ABOUT THIS TASK:
Please keep to the lines below from the one with "Cumayeri ilçesinin yüksek" through the one with "4. 如图,已知点 $", and restate them word for word, ends included.

DATA FOR ANALYSIS:
************

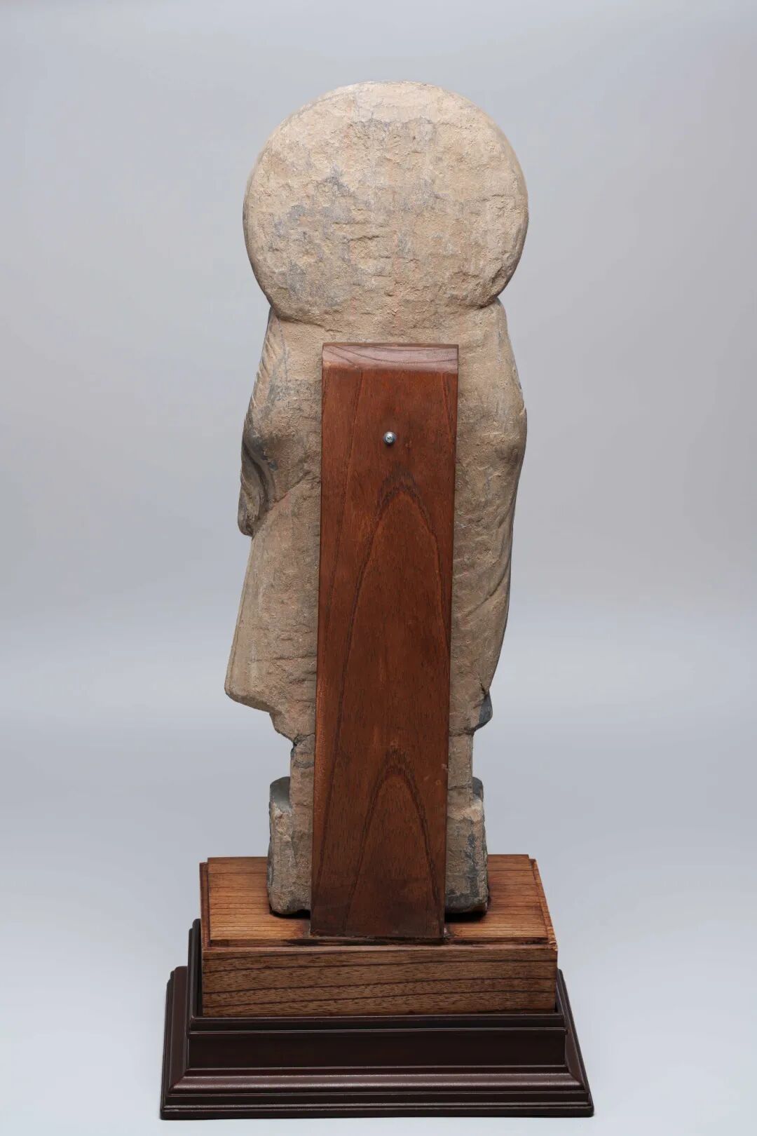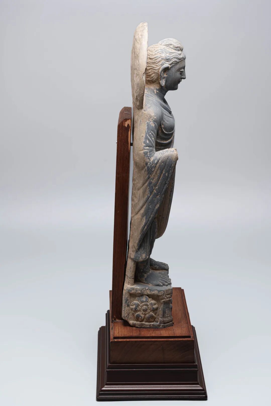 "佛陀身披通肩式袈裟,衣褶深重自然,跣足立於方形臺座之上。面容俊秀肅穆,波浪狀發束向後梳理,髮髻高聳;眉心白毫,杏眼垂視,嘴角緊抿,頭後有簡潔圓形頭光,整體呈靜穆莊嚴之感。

************

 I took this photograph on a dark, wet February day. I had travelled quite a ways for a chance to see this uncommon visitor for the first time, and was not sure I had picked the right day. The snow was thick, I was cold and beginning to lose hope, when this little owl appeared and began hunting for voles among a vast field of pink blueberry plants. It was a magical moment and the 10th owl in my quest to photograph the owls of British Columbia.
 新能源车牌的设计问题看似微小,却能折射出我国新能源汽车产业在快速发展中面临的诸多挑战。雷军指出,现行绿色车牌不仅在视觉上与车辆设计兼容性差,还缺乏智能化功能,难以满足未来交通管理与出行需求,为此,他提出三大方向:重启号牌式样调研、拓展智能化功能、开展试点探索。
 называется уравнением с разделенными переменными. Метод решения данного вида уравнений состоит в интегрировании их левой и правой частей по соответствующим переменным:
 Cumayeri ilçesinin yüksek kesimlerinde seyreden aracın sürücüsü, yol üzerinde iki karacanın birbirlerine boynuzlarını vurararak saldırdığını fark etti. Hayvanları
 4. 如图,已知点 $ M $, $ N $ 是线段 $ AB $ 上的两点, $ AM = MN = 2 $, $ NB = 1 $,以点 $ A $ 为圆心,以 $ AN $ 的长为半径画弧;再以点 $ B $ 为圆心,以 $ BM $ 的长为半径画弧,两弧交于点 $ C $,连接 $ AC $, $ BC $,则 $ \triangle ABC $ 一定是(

************

RESPONSE FOR THIS EXERCISE:
 Cumayeri ilçesinin yüksek kesimlerinde seyreden aracın sürücüsü, yol üzerinde iki karacanın birbirlerine boynuzlarını vurararak saldırdığını fark etti. Hayvanları
 4. 如图,已知点 $ M $, $ N $ 是线段 $ AB $ 上的两点, $ AM = MN = 2 $, $ NB = 1 $,以点 $ A $ 为圆心,以 $ AN $ 的长为半径画弧;再以点 $ B $ 为圆心,以 $ BM $ 的长为半径画弧,两弧交于点 $ C $,连接 $ AC $, $ BC $,则 $ \triangle ABC $ 一定是(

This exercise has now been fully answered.